This thread has been locked.

If you have a related question, please click the "Ask a related question" button in the top right corner. The newly created question will be automatically linked to this question.

TMS320F28386S: Debugging the NMI on CM core issue

Part Number: TMS320F28386S

Tool/software:

Good evening!

During my project development I use both CPU1 and CM cores, and I started catching the NMI on CM core. Browsing registers I found the NMI cause is the FLASH uncorrected error, and the FLASHECC registers shows UNC_ERR_L bit set in ERR_STATUS, and UNC_ERR_ADDR sometimes iz 0, and sometimes shows some address on stack. ERRORLOG and DIAGERRORLOG registers are all 0. Exiting the NMI handler I see the NMI occured in the same code locations, but there nothing suspitious in this code, this is just a loop thru some const array of structs finding needed entry. So I beleave this fault is some side effect of my code executed before, but I do not understand how to find the cause.

UPDATE: disabling FLASH ECC solves the problem and no problems with code after that. But this is not good.

  • Hi,

    CMNMIFLG show FLUNCERR bit set ?

    Can you find the uncorrectable error using the CM_FLASH_ECC_REGS and information below:  

    Also referring other threads on this forum I found this thread - https://e2e.ti.com/support/microcontrollers/c2000-microcontrollers-group/c2000/f/c2000-microcontrollers-forum/823580/ccs-tms320f28388d-flash-uncorrectable-error-nmi-flag-fluncerr 

    Thanks

  • CMNMIFLG show FLUNCERR bit set ?

    Yes, I got NMI with this flag.

    A I said before, the UNC_ERR_ADDR_LOW regidter contains sometimes 0, sometimes some address in stack area, which is in C0RAM. UNC_ERR_L and UNC_ERR_INTFLG bits are set.

  • Hi Oleg,

    there nothing suspitious in this code, this is just a loop thru some const array of structs finding needed entry.

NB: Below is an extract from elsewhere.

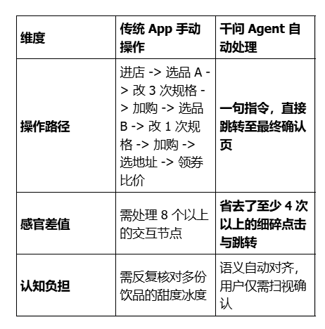 - 路径压缩: 传统 App 需要经历“搜索-比价-选店-选品-加购”约 6-8 次点击;Agent 模式下缩减为“输入-确认”2 步,操作步数节省约 60%。
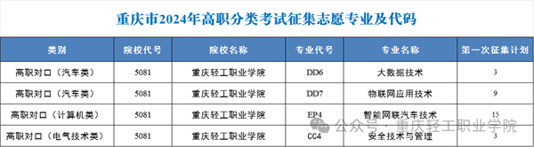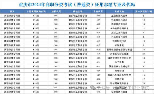 5081!重庆轻工职业学院2024年分类招?考试志愿征集公告

So I beleave this fault is some side effect of my code executed before, but I do not understand how to find the cause.

    When you comment out the code in this loop, do you still get the NMI/Flash uncorrectable error?

    Exiting the NMI handler I see the NMI occured in the same code locations

    How are you checking the error code location after exiting the NMI handler?

    I would suggest the following:

    • Check your section alignment in the linker command file (use ALIGN(8))
    • Verify proper flash wait states for your operating frequency
    • Check your system clock stability to make sure there are no glitches or issues related to the clock

    Best Regards,

    Marlyn

  • When you comment out the code in this loop, do you still get the NMI/Flash uncorrectable error?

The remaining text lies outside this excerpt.